Rewriting git history isn't too complicated, especially if you're removing whole directories, but yeah it would probably be better to move or break off the main theme files elsewhere to avoid breaking everyone else's copies.
You could even maintain stars and such by just keeping this one as the main repo, but with a note that you can clone another one for just the theme alone.
keeping this one as the main repo, but with a note that you can clone another one for just the theme alone.
A 1:1 repo like blowfish-lite
that would require @nunocoracao to maintain two copies of the same codebase… more toil, greater chance for divergence.
what feels least bullshitty to me is having a core repo that has the theme content which this repo consumes…. but wth do i know? :)
that would require @nunocoracao to maintain two copies of the same codebase… more toil, greater chance for divergence.
what feels least bullshitty to me is having a core repo that has the theme content which this repo consumes
I was thinking something similar, but even if they were completely separate, you could lazily sync the theme into the main repo on every commit with a GitHub action.

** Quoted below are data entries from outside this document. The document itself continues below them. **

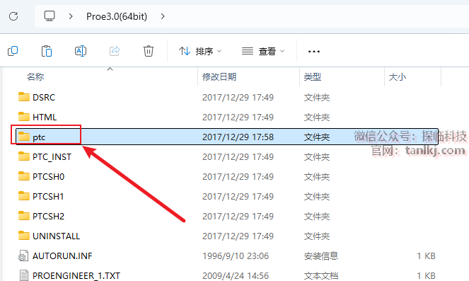 回到解压后的文件夹内,双击打开文件夹【ptc】。
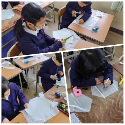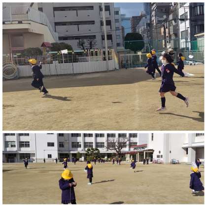 今回は自分で作った「凧」を持って運動場を走り抜けました。
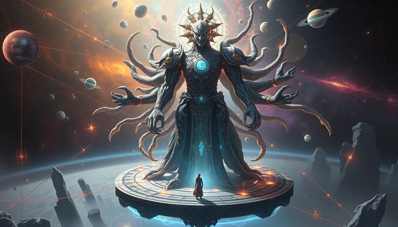 Central Figure: A colossal, ethereal entity, Aeon, occupies the center of the image Body composed of fragments of galaxies, nebulae, and stars in constant motion Multiple floating faces around the main head, each representing a different era Four main arms that branch out into countless tentacles of cosmic energy Wears armor made of living constellations and asteroid belts Environment: A circular platform floating in the void of space-time Vibrant cosmic background with distant galaxies, supernovae, and black holes visible Fragments of different realities orbiting Aeon like broken planets Rifts in the fabric of reality visible, revealing glimpses of other worlds Visual Effects: Auras of multicolored energy emanating from Aeon Timelines visible as golden threads intertwined around the figure Distortions in reality around Aeon, like ripples in a pond Small versions ghostly images of the game's protagonist floating around, representing alternate realities Additional Details: Arcane symbols and cosmic equations floating in the air "Wonders" collected during the game orbit Aeon as talismans of power A giant cosmic clock split in half in the background, symbolizing Aeon's control over time Reflections of different worlds and civilizations in Aeon's eyes Lighting and Colors: Dramatic lighting from multiple cosmic sources Vibrant and surreal color palette, with a predominance of deep blues, cosmic purples, and ethereal golds Strong contrasts between the illuminated areas and the shadows of the void of space Scale and Perspective: Slightly low angle to emphasize Aeon's colossal nature Inclusion of scale elements, such as asteroids or tiny spaceships, to demonstrate the boss's immense size
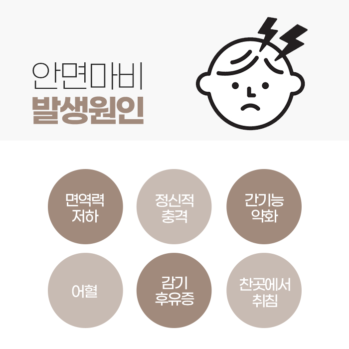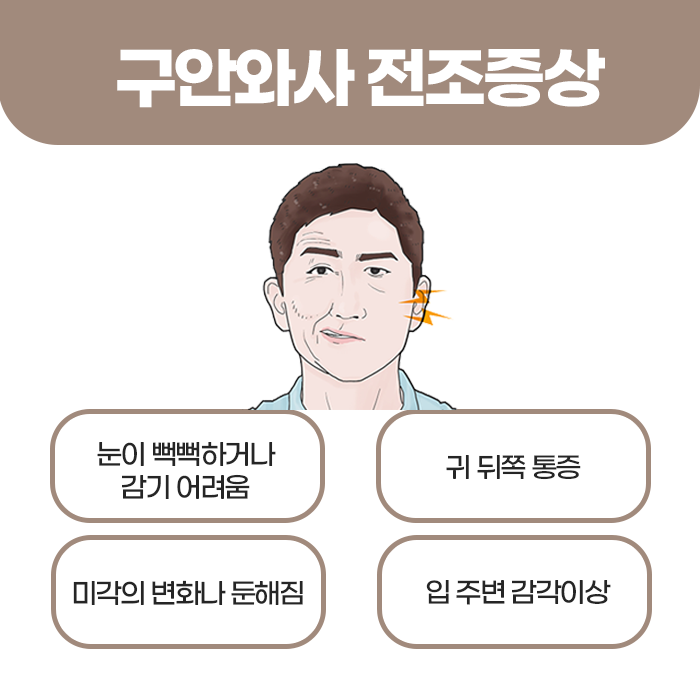 구안와사의 주된 원인은 바이러스 감염입니다. 특히 단순 포진 바이러스나 대상포진 바이러스가 면역력이 떨어진 틈을 타 활성화되어 안면신경에 염증을 일으키면서 증상이 생기는 경우가 많습니다. 이런 염증은 신경의 정상적인 기능을 방해해 얼굴 근육의 움직임을 제한하며, 눈을 감는 동작이 어렵거나 음식을 씹을 때 입에서 음식물이 새는 현상, 말이 부정확해지는 증상을 동반할 수 있습니다. 귀 주변의 통증, 미각 변화, 눈물 분비 이상, 청각 민감성 증가 등 다양한 증상도 함께 나타나 생활에 큰 불편을 주기도 합니다.
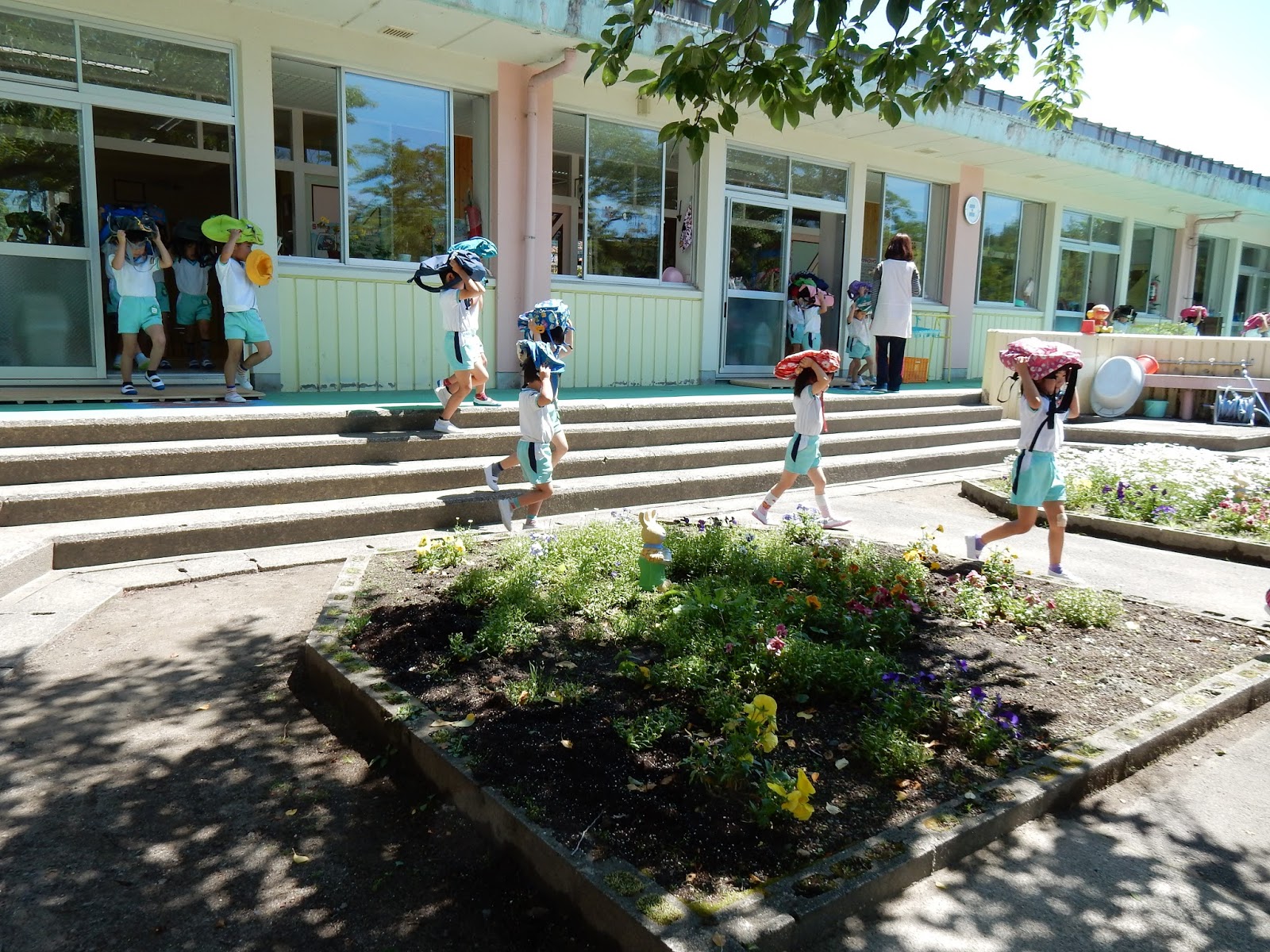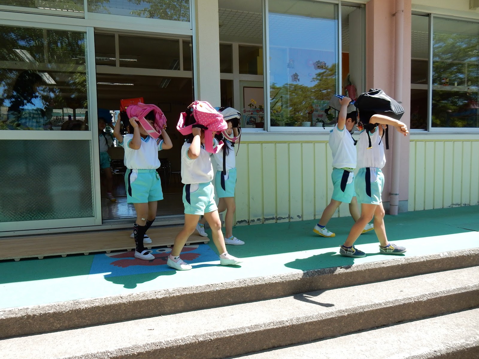 揺れがおさまって、外へ避難する時は、鞄を頭の上にのせて避難です。これも、第1に落下物から頭を守るため。すみれぐみのお友達も、上手に逃げだすことができています。
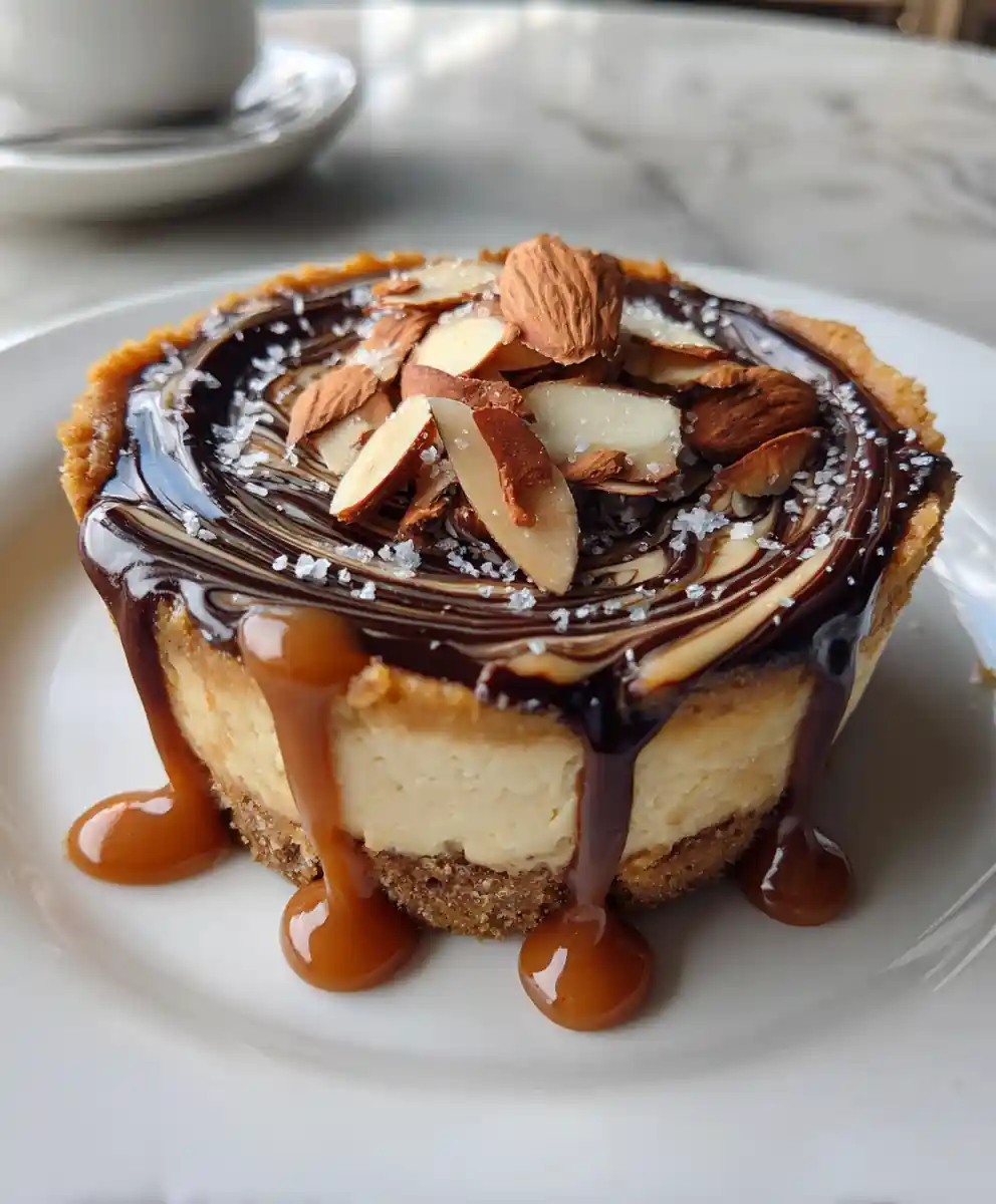 - Serve and Garnish: Gently unmold each cheesecake cup onto a serving plate. Drizzle a thin ribbon of salted caramel over the top of each cup and sprinkle with toasted almond slices and a light pinch of flaky sea salt.
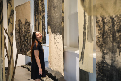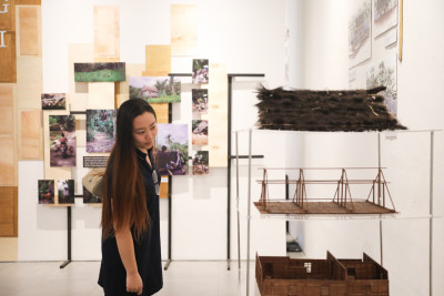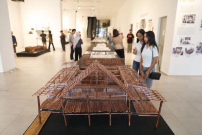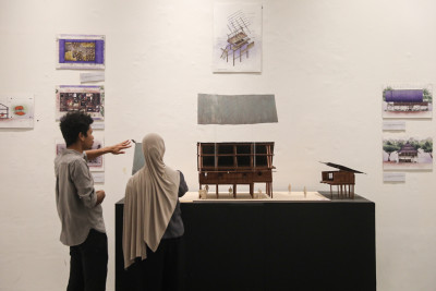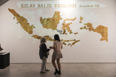 Selasa, 27 Januari 2026 - Sejumlah pengunjung mengamati karya instalasi dalam Pameran Ekskursi Arsitektur UI 2025: Tana Toa di
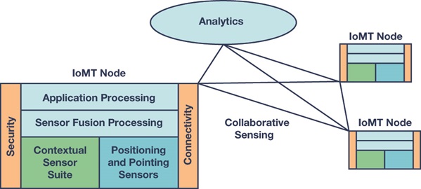 運(yùn)動(dòng)物聯(lián)網(wǎng)節(jié)點(diǎn)輸出的有效性和價(jià)值最為依賴(lài)的是核心傳感器的質(zhì)量以及它們高保真地捕捉應(yīng)用情境的能力。因此,融合處理是傳感器校正/增強(qiáng)的必然選擇,也是理想捕捉傳感器間狀態(tài)動(dòng)態(tài)的必備條件(例如,在任意給定時(shí)間點(diǎn),哪個(gè)傳感器最可靠)。應(yīng)用級(jí)的處理以分層方式融入解決方案之中,并根據(jù)環(huán)境特點(diǎn)進(jìn)行優(yōu)化,包括適當(dāng)?shù)倪吔鐥l件。雖然這種方式是自動(dòng)的,但在有些情況下,這些節(jié)點(diǎn)會(huì)協(xié)同工作,比如在地面或空中成群的無(wú)人駕駛交通工具中。在這些情況下會(huì)部署安全鏈路,強(qiáng)調(diào)可靠傳輸和受保護(hù)的特有身份信息,如圖2所示。
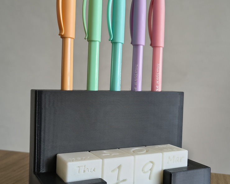Um calendário composto de cubos e uma base que serve como porta canetas com capacidade de até 5 canetas. Feito 100% na impressão 3d. Para um acabamento simples, não recomendo utilizar suportes (como na imagem) e para um acabamento mais refinado, recomendo a utilização de suportes (se tiver prática).
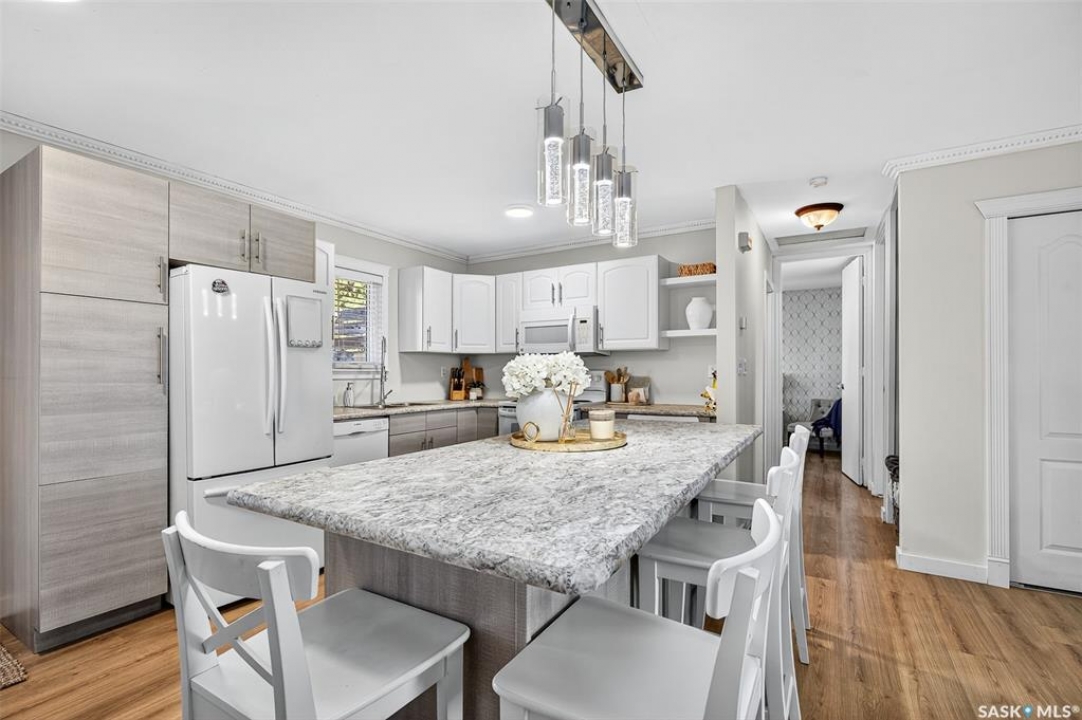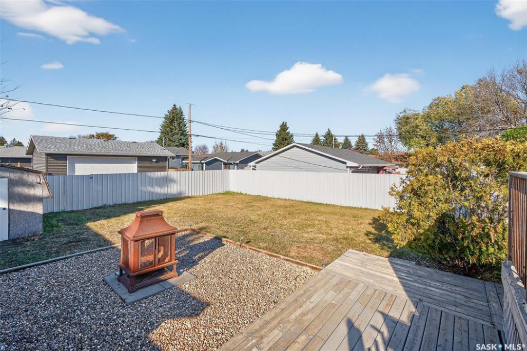 Move right in and enjoy this beautifully maintained 4-bedroom, 2-bathroom bi-level, ideally located on a quiet crescent in Moose Jaw's desirable Palliser Heights neighbourhood. Extensively updated over the years, the home showcases a complete exterior renovation, a modern kitchen remodel, and new flooring throughout, all finished in a fresh, contemporary style. The bright, functional layout offers comfortable living spaces on both levels, making this home truly move-in ready. Set on a large lot with room to add a garage, the property also features a fully fenced yard with a three-tier deck with privacy walls and a dedicated fire pit area—perfect for outdoor entertaining and family time. A stylish, well-cared-for home on a quiet street—this one checks all the boxes!
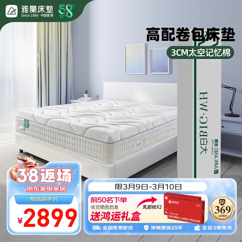 雅兰国民家居床垫慢回弹记忆棉真空卷包独袋弹簧床垫 大白 2*2米价格:3899.00元!
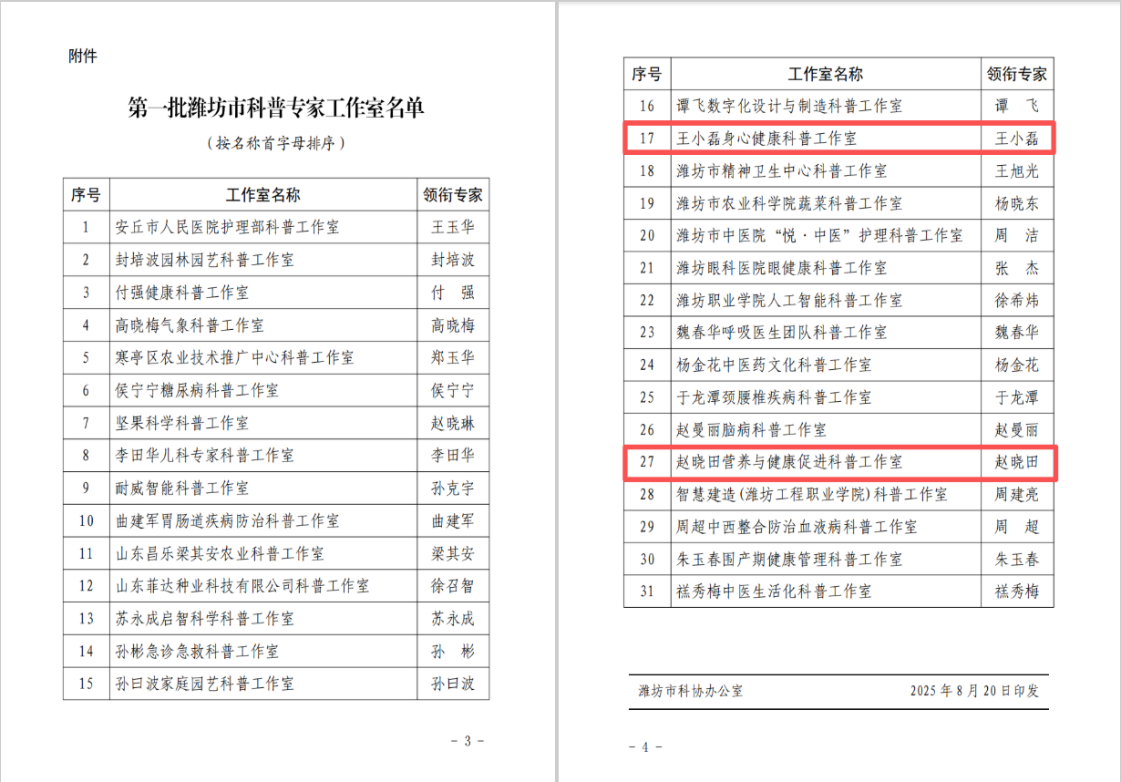 近日,潍坊市科学技术协会和潍坊市科学技术局联合发布了《关于公布第一批潍坊市科普专家工作室的通知》,此次共认定31个工作室为第一批潍坊市科普专家工作室。其中,我校王小磊老师领衔的“王小磊身心健康科普工作室”和赵晓田老师领衔的“赵晓田营养与健康促进科普工作室”成功入选,标志着我校在科普工作方面迈上了新的台阶。

implementation details :) lots of ways to accomplish it… each has its own bag of bullshit… i don’t wanna be too prescriptive of the how… just wanting to amplify the legitimacy of the request
Hey @fuse314 @wolfspyre @ragibson @chromer030 Thanks for all the feedback. I am definitely interested in improving this ASAP. From the thread I got a couple of actions:
Small update - with the last changes already reduced the repo size from 736M to 546M (25% reduction). Will keep exploring the other two options a little more before committing to a solutions.
@nunocoracao if you wanna take a look at what I'm doing async:
I mirror this repo:
https://gitlab.wolfspyre.io/mirrored_repos/hugo_related/nunocoracao/blowfish
The scripts here rip the history around quite a bit... might be useful to play with: https://gitlab.wolfspyre.io/mirrored_repos/hugo_related/nunocoracao/blowfish-wrangler
The output: https://gitlab.wolfspyre.io/mirrored_repos/hugo_related/nunocoracao/blowfish-thin
/tmp$ git clone https://gitlab.wolfspyre.io/mirrored_repos/hugo_related/nunocoracao/blowfish-thin
Cloning into 'blowfish-thin'...
warning: redirecting to https://gitlab.wolfspyre.io/mirrored_repos/hugo_related/nunocoracao/blowfish-thin.git/
remote: Enumerating objects: 5704, done.
remote: Counting objects: 100% (2322/2322), done.
remote: Compressing objects: 100% (1489/1489), done.
remote: Total 5704 (delta 831), reused 2322 (delta 831), pack-reused 3382
Receiving objects: 100% (5704/5704), 36.85 MiB | 38.12 MiB/s, done.
Resolving deltas: 100% (2997/2997), done.
/tmp$ du -sh blowfish-thin/
42M blowfish-thin/
/tmp$ cd blowfish-thin
/tmp/blowfish-thin (wpl_main)$ ls
CODE_OF_CONDUCT.md README.md config.toml i18n package-lock.json tailwind.config.js
CONTRIBUTING.md archetypes data layouts package.json theme.toml
FUNDING.yml assets firebase.json lighthouserc.js processUsers.js
LICENSE config go.mod netlify.toml static
/tmp/blowfish-thin (wpl_main)$ rm -rf .git
/tmp/blowfish-thin$ du -sh .
4.4M .
versus:
/tmp$ git clone https://gitlab.wolfspyre.io/mirrored_repos/hugo_related/nunocoracao/blowfish
Cloning into 'blowfish'...
warning: redirecting to https://gitlab.wolfspyre.io/mirrored_repos/hugo_related/nunocoracao/blowfish.git/
remote: Enumerating objects: 23670, done.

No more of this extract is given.